17. Point 3: The only other question to be decided is whether the second defendant is fit to be trustee and maintain the properties mentioned in Ex.A4 settlement deed. DW.1 is the second defendant. According to him, his father performed the charities as trustee till his life time and afterwards the plaintiff did not perform them and he also did not render account on demand. He has further stated that second and third defendants in O.S.No.112 of 1986 are citizens of Singapore and fourth defendant is younger to him in age and is residing in Saudi Arabia and the second defendant alone is fit and qualified to be trustee among the male heirs. PW.1, the plaintiff has admitted that among the male heirs, the second defendant alone is residing in India permanently and he has the opportunity to become trustee. As already decided, the plaintiff is not entitled to be a trustee. In the order of succession among the male heirs, the second and third defendants in O.S.No.112 of 1986 are the citizens of Singapore and therefore they are not entitled to be trustee. They did not also appear and were set ex parte. The next male heir is only the second defendant and he is a resident of Nagoor, working as Accountant in Dhurga.
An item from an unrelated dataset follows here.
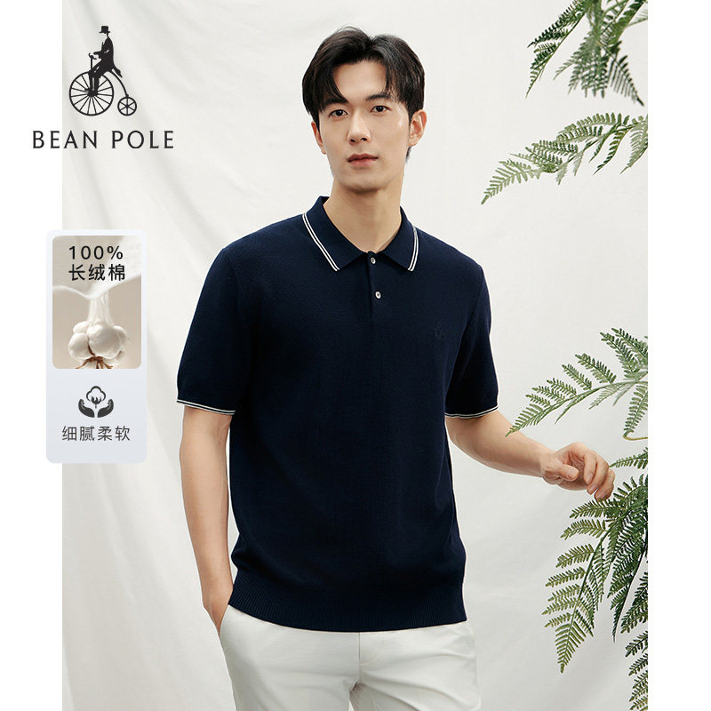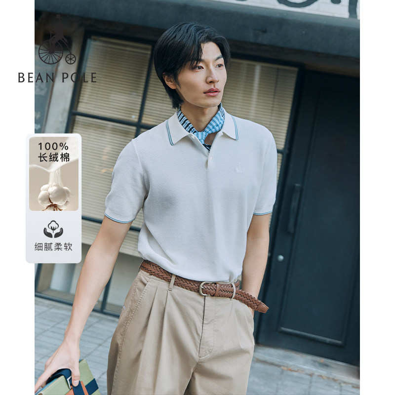 【新品】BEANPOLE滨波 春夏男士商务老钱风全长绒棉撞色POLO衫

He is entitled to be trustee and he can maintain the properties mentioned in Ex.A4 settlement deed and he can also recover the A schedule property from the plaintiff. It is decided accordingly.

18. For the reasons stated above, the appeal in A.S.No.45 of 1988 is allowed and the judgment and decree in O.S.No.36 of 1986 are set aside and the suit in O.S.No.36 of 1986 is dismissed. The appeal in A.S.No.191 of 1988 is allowed and the Judgment and decree passed in O.S.No.112 of 1986 are set aside and the suit in O.S.No.112 of 1986 is decreed as prayed for. To avoid further bitterness among the family members, there shall be no order as to costs in the appeals.